> **Provided data**
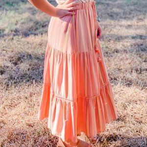 Super soft skirt with beautiful oranges and cut out details. Draw string/elastic waist band.
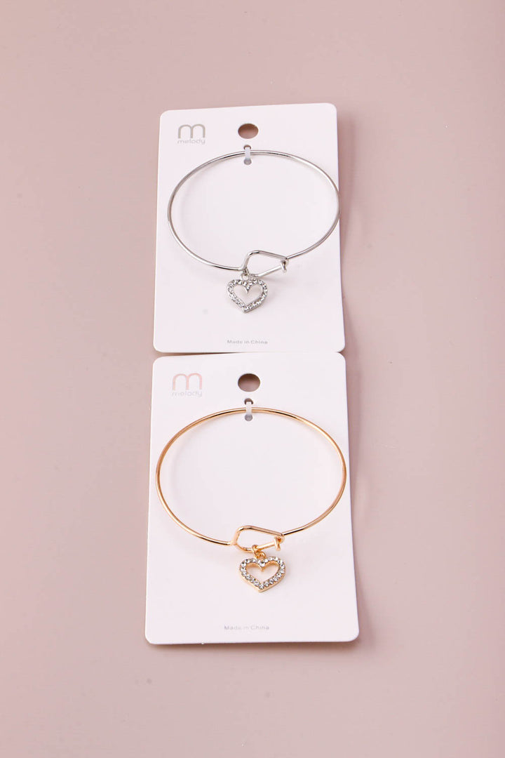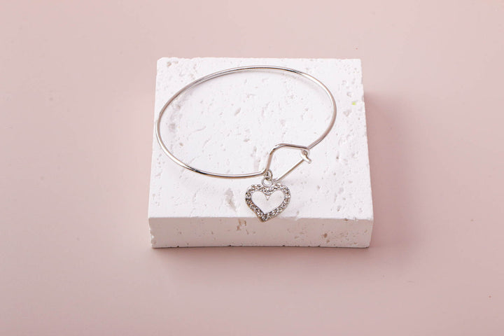 Heart Charm Hoop Bangle Bracelet
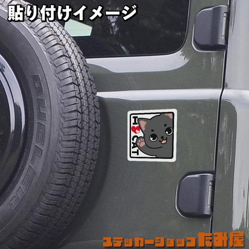 Tamiya I Love Cat Sticker I Love Cat Square 3.3 inches (8.5 cm) Weatherproof Waterproof Japanese Sticker, Black Cat (Sticker)

> **Task instructions**
Give the listing above again word for word, without its pictures.

> **Answer box**
 Super soft skirt with beautiful oranges and cut out details. Draw string/elastic waist band.
 Heart Charm Hoop Bangle Bracelet
 Tamiya I Love Cat Sticker I Love Cat Square 3.3 inches (8.5 cm) Weatherproof Waterproof Japanese Sticker, Black Cat (Sticker)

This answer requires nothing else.